### What the task requires
Below is a listing; retype exactly the line with "Used dark rye" and every line after it through the end, and only those, leaving out the pictures.

### Record extracts
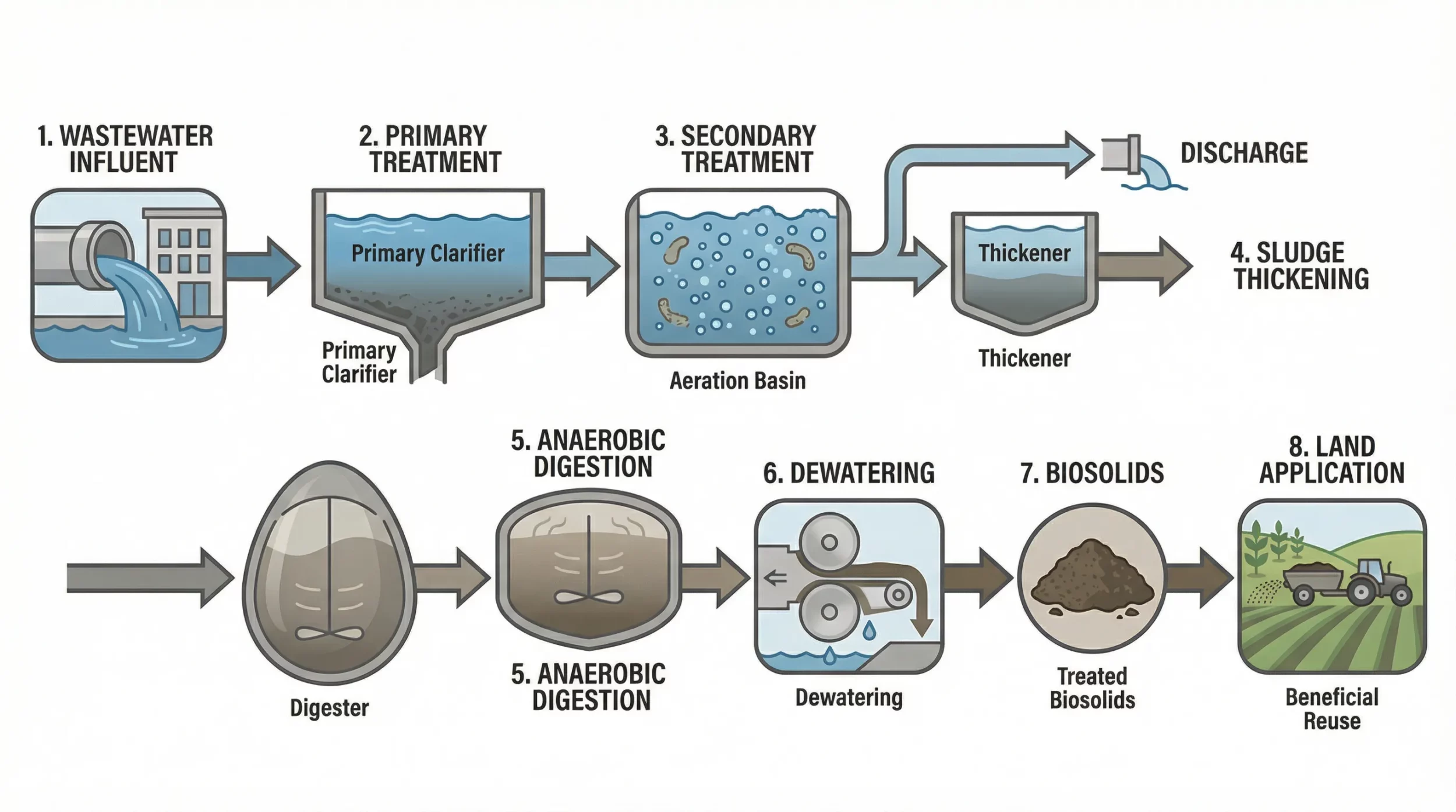 Biosolids are a byproduct of the standard wastewater treatment sequence:
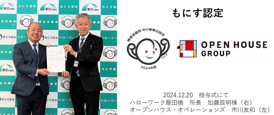 厚生労働省の「もにす認定」を取得
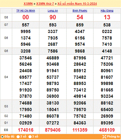 Mời mọi người cùng xem lại kết quả xổ số miền Nam tuần trước ngày 16-03-2024
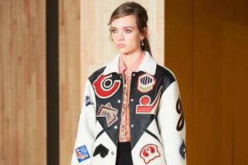 En fin de journée, Coach a présenté sa seconde grande collection après celle de septembre, qui marquait l'entrée de plain-pied du groupe dans le prêt-à-porter. Le créateur maison, le Britannique Stuart Vevers, a choisi de conserver un riche éventail de couleurs, transposé dans un univers influencé notamment par le sportswear. Témoin ces combinaisons de "varsity jacket" ou "letterman jacket", le blouson "teddy" en français, et le décor, un parquet et les lignes d'un terrain de basket, avec le public en tribune. Les couleurs, le rose et le rouille notamment, étaient aussi présentes sur chemisiers, jupes et robes, avec un zest de western apporté par des carreaux et certains motifs.
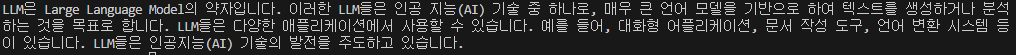 결과를 보면 한글자씩 바로바로 출력되는 모습을 확인할 수 있으며, 이런 것을 스트리밍 출력이라고 표현합니다.
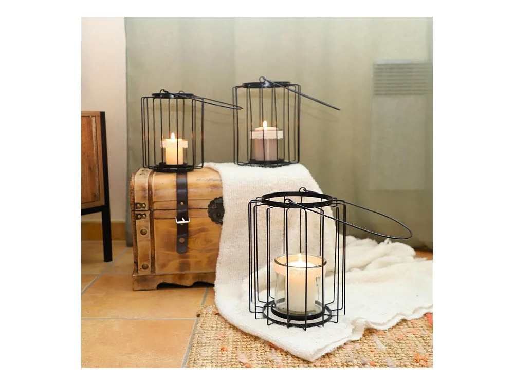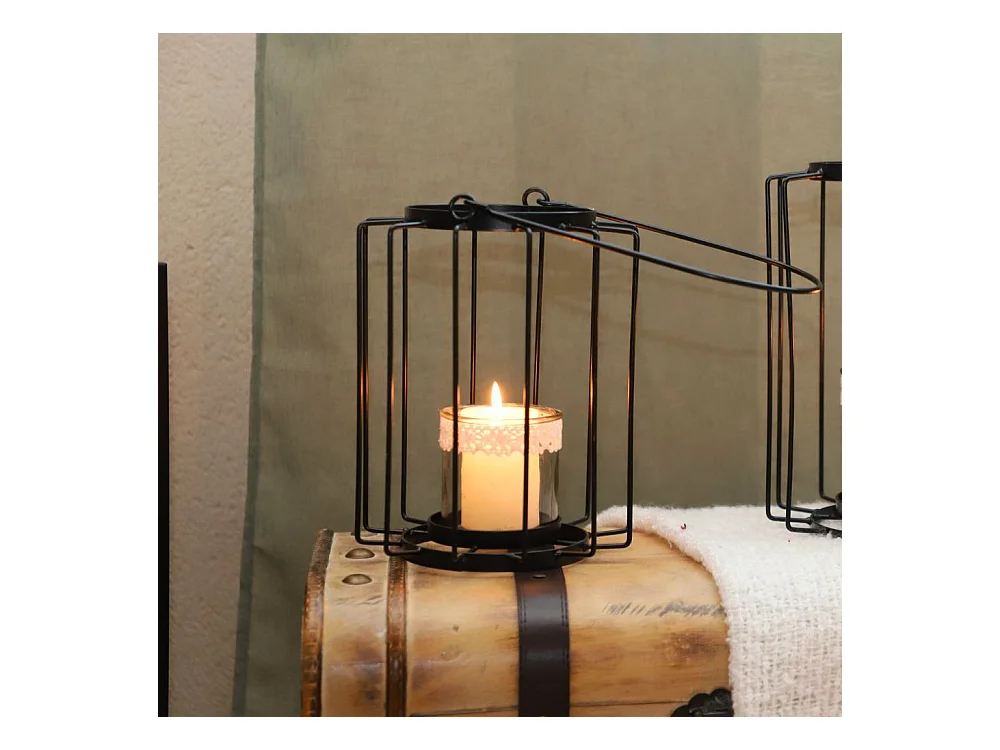 Lanterne jardin extérieur à poser bougie ancienne métal noir 20cm
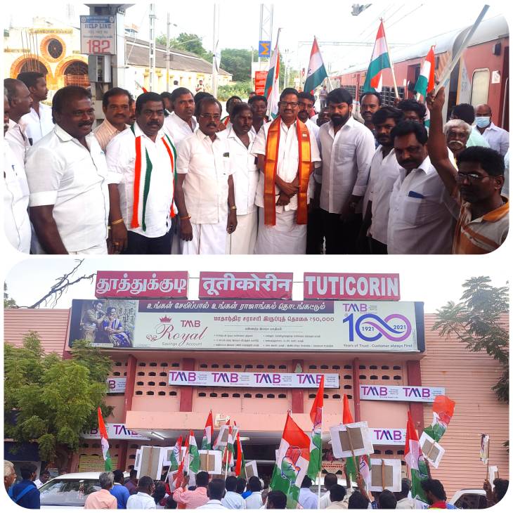 தமிழ்நாடு காங்கிரஸ் கமிட்டி தலைவர் கே.எஸ் அழகிரிக்கு தூத்துக்குடி ரயில் நிலையத்தில் தூத்துக்குடி மாவட்ட காங்கிரஸ் சார்பில் மிக பிரம்மாண்ட வரவேற்பு!!
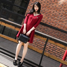 宝宝狮子2017春季新款收腰显瘦V领针织A字连衣裙伞裙打底裙M2038
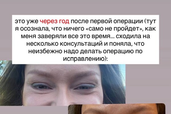 Рассказывая об операциях, она сравнила неудачную подтяжку с браком с певцом Владом Соколовским — по словам артистки, она «прожила травму, но не закрылась навсегда» и доверилась другому хирургу.
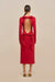 Elevate your wardrobe with the Boa Dress, a refined long sleeve midi silhouette that seamlessly blends elegance with modern design. This sophisticated piece features a flattering V neckline and slip-on construction for effortless styling. The standout open back cutout is beautifully framed by two fixed bow details, creating an alluring focal point that transitions seamlessly from day to evening. Perfect for those who appreciate understated luxury and timeless appeal.
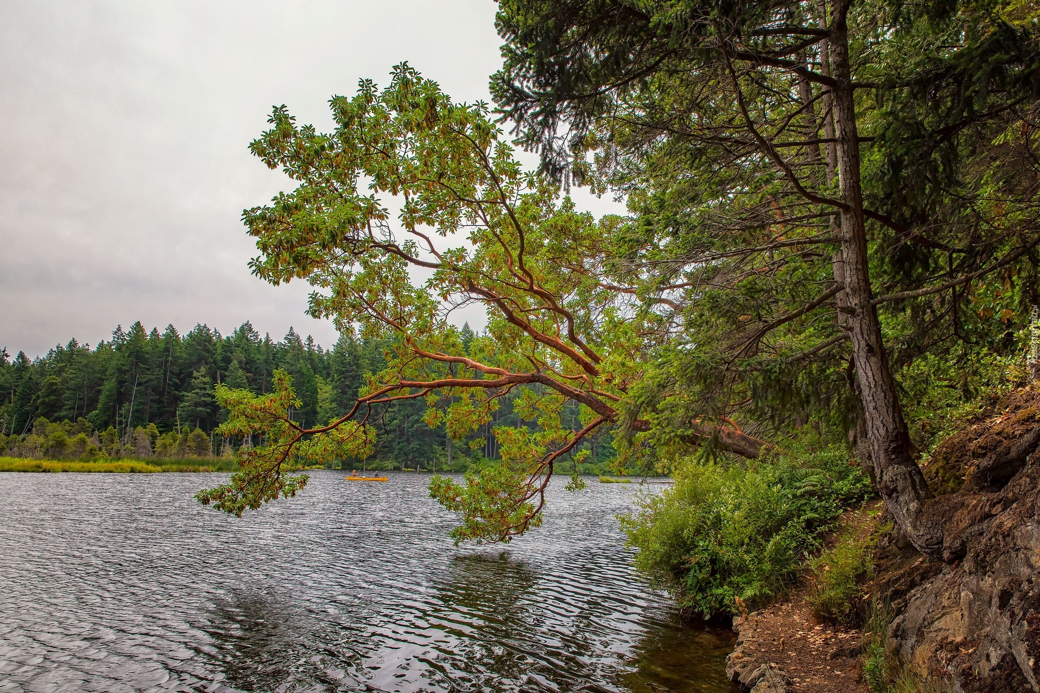 Edytor tapety: Pochylone drzewo nad jeziorem
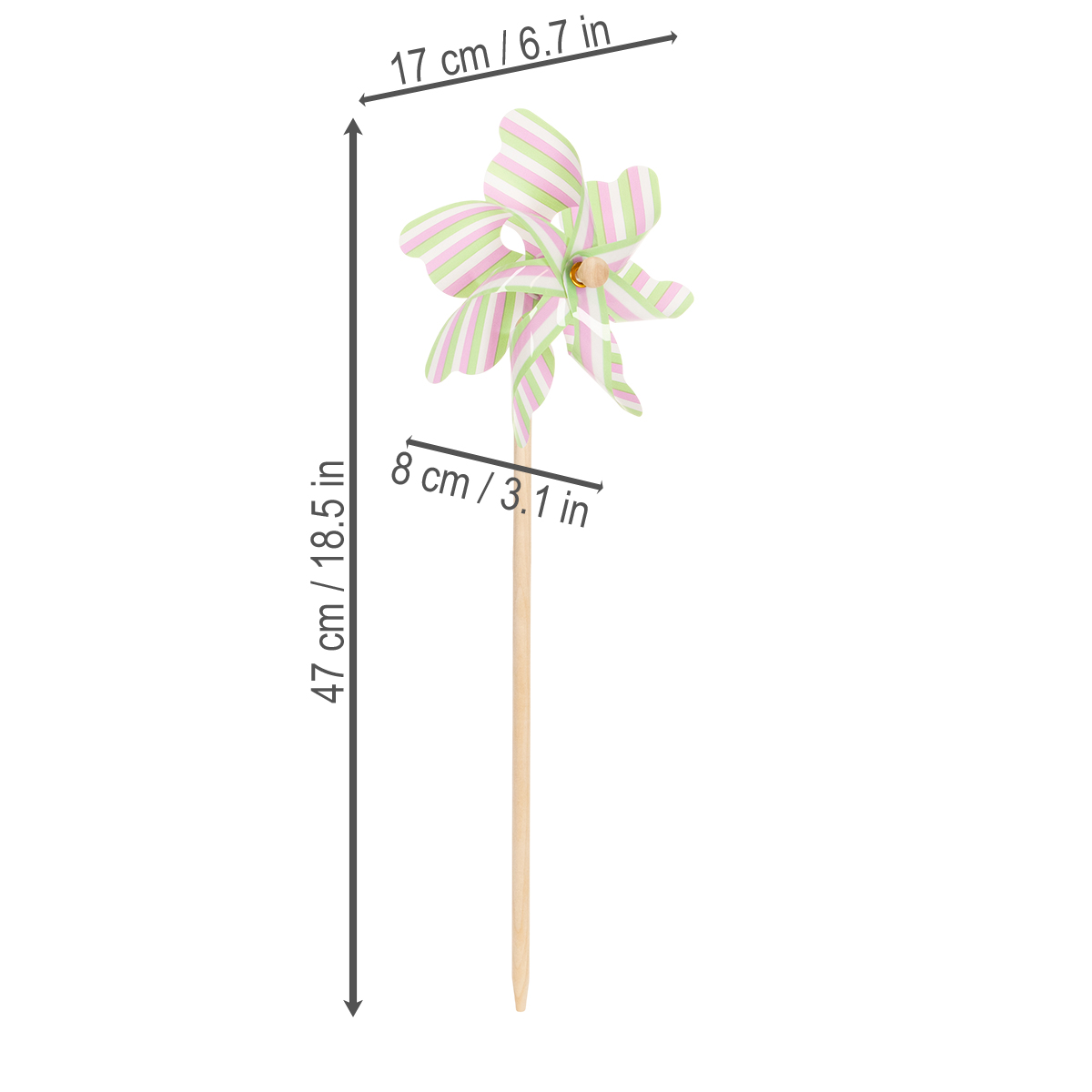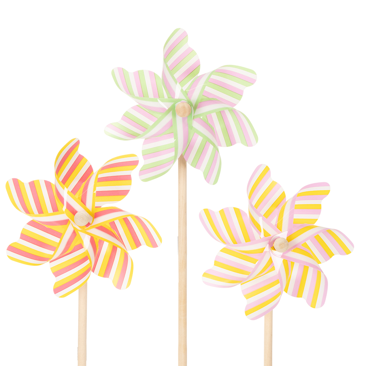 - Sæt bestående af 3 stribede vindmøller i sarte pastelfarver
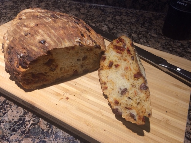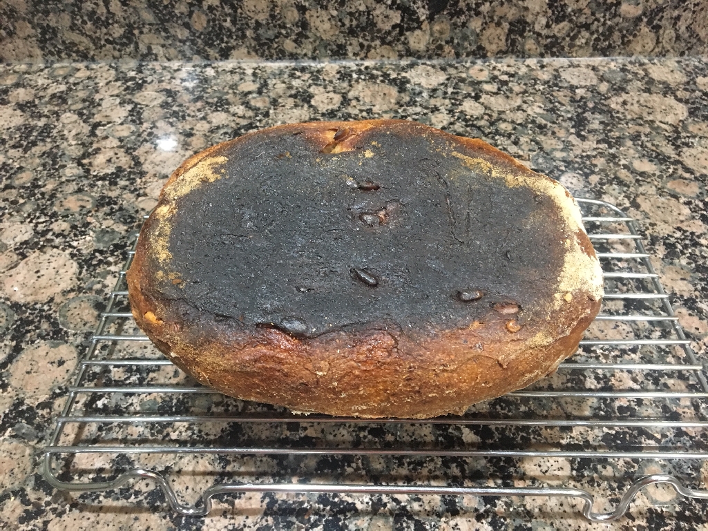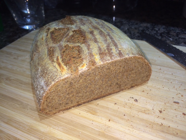 Used dark rye Did not rise, was very dense Forgot to cut it It split on it's own End up throwing it away...
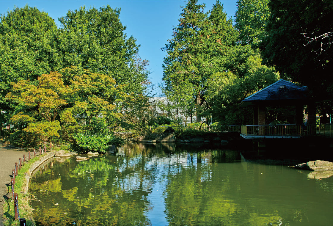 「桃園川緑道」は、花と緑が続くプロムナード。季節ごとに異なる表情を見せながら、街並みにやさしい風景を描き出します。
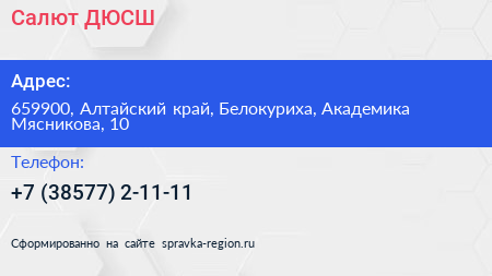 Салют, ДЮСШ по адресу 659900, Алтайский край, Белокуриха, Академика Мясникова, 10 в дальнейшем Организация, размещена в следующих категориях:
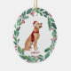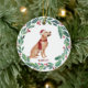 Decorate your tree or give a special gift this holiday season with this elegant Merry Christmas golden retriever in a wreath design christmas ornament, and matching decor. This golden retriever christmas ornament features a watercolor dog in a green and red wreath with holly and berries. Personalize with name front, year back. This golden retriever christmas ornament will be a favorite among golden retriever lovers, dog lovers, and animal lovers. Visit our collection for matching golden retriever christmas cards, home decor, and gifts. COPYRIGHT © 2020 Judy Burrows, Black Dog Art - All Rights Reserved. Dog Christmas Custom Pet Holiday Golden Retriever Ceramic Ornament

### Answer area
 Used dark rye Did not rise, was very dense Forgot to cut it It split on it's own End up throwing it away...
 「桃園川緑道」は、花と緑が続くプロムナード。季節ごとに異なる表情を見せながら、街並みにやさしい風景を描き出します。
 Салют, ДЮСШ по адресу 659900, Алтайский край, Белокуриха, Академика Мясникова, 10 в дальнейшем Организация, размещена в следующих категориях:
 Decorate your tree or give a special gift this holiday season with this elegant Merry Christmas golden retriever in a wreath design christmas ornament, and matching decor. This golden retriever christmas ornament features a watercolor dog in a green and red wreath with holly and berries. Personalize with name front, year back. This golden retriever christmas ornament will be a favorite among golden retriever lovers, dog lovers, and animal lovers. Visit our collection for matching golden retriever christmas cards, home decor, and gifts. COPYRIGHT © 2020 Judy Burrows, Black Dog Art - All Rights Reserved. Dog Christmas Custom Pet Holiday Golden Retriever Ceramic Ornament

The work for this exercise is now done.